DATA FOR ANALYSIS: Begin
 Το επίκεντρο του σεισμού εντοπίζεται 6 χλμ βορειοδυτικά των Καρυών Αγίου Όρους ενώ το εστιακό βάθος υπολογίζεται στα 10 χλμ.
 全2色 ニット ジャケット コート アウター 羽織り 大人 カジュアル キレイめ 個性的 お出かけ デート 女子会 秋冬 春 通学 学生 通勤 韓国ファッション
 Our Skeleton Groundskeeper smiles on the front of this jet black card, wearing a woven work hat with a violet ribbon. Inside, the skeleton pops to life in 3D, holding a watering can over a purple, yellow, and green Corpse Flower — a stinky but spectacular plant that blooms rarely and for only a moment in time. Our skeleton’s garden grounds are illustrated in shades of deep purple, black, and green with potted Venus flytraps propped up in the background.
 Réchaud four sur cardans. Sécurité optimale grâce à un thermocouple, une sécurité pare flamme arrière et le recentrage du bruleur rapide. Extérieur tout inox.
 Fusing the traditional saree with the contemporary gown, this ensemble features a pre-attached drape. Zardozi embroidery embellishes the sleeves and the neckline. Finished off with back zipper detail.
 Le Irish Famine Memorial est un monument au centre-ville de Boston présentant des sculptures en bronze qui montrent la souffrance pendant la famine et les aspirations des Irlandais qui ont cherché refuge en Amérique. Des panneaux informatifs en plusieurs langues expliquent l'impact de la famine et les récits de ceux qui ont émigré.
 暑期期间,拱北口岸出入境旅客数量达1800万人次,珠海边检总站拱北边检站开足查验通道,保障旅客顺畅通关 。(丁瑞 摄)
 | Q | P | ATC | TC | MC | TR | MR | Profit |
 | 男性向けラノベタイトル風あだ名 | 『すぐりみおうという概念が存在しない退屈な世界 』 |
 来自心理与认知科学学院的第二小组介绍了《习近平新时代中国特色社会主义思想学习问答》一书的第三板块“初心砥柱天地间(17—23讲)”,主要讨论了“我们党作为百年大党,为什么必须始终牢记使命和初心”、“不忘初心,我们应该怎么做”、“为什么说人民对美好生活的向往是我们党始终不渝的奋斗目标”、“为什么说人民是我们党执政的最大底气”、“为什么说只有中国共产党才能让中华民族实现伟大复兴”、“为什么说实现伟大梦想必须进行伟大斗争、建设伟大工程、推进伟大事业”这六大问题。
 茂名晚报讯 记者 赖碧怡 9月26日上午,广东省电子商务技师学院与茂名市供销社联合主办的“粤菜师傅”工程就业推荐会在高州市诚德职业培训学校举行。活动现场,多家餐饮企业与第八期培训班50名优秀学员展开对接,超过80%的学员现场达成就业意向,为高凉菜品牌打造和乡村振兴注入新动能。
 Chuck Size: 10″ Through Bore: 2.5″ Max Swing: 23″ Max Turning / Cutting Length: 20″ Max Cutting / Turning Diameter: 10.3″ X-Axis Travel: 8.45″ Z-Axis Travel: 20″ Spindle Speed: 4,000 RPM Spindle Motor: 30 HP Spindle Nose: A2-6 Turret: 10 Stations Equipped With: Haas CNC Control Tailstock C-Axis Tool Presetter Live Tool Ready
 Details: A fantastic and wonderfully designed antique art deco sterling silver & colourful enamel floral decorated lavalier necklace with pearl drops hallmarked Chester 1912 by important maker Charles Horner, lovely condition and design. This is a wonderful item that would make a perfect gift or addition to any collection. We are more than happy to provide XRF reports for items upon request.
DATA FOR ANALYSIS: End
=== WORK INSTRUCTIONS ===
Return the entries exactly through the "茂名晚报讯 记者 赖碧怡" line.

=== REPLY TO THE TASK ===
 Το επίκεντρο του σεισμού εντοπίζεται 6 χλμ βορειοδυτικά των Καρυών Αγίου Όρους ενώ το εστιακό βάθος υπολογίζεται στα 10 χλμ.
 全2色 ニット ジャケット コート アウター 羽織り 大人 カジュアル キレイめ 個性的 お出かけ デート 女子会 秋冬 春 通学 学生 通勤 韓国ファッション
 Our Skeleton Groundskeeper smiles on the front of this jet black card, wearing a woven work hat with a violet ribbon. Inside, the skeleton pops to life in 3D, holding a watering can over a purple, yellow, and green Corpse Flower — a stinky but spectacular plant that blooms rarely and for only a moment in time. Our skeleton’s garden grounds are illustrated in shades of deep purple, black, and green with potted Venus flytraps propped up in the background.
 Réchaud four sur cardans. Sécurité optimale grâce à un thermocouple, une sécurité pare flamme arrière et le recentrage du bruleur rapide. Extérieur tout inox.
 Fusing the traditional saree with the contemporary gown, this ensemble features a pre-attached drape. Zardozi embroidery embellishes the sleeves and the neckline. Finished off with back zipper detail.
 Le Irish Famine Memorial est un monument au centre-ville de Boston présentant des sculptures en bronze qui montrent la souffrance pendant la famine et les aspirations des Irlandais qui ont cherché refuge en Amérique. Des panneaux informatifs en plusieurs langues expliquent l'impact de la famine et les récits de ceux qui ont émigré.
 暑期期间,拱北口岸出入境旅客数量达1800万人次,珠海边检总站拱北边检站开足查验通道,保障旅客顺畅通关 。(丁瑞 摄)
 | Q | P | ATC | TC | MC | TR | MR | Profit |
 | 男性向けラノベタイトル風あだ名 | 『すぐりみおうという概念が存在しない退屈な世界 』 |
 来自心理与认知科学学院的第二小组介绍了《习近平新时代中国特色社会主义思想学习问答》一书的第三板块“初心砥柱天地间(17—23讲)”,主要讨论了“我们党作为百年大党,为什么必须始终牢记使命和初心”、“不忘初心,我们应该怎么做”、“为什么说人民对美好生活的向往是我们党始终不渝的奋斗目标”、“为什么说人民是我们党执政的最大底气”、“为什么说只有中国共产党才能让中华民族实现伟大复兴”、“为什么说实现伟大梦想必须进行伟大斗争、建设伟大工程、推进伟大事业”这六大问题。
 茂名晚报讯 记者 赖碧怡 9月26日上午,广东省电子商务技师学院与茂名市供销社联合主办的“粤菜师傅”工程就业推荐会在高州市诚德职业培训学校举行。活动现场,多家餐饮企业与第八期培训班50名优秀学员展开对接,超过80%的学员现场达成就业意向,为高凉菜品牌打造和乡村振兴注入新动能。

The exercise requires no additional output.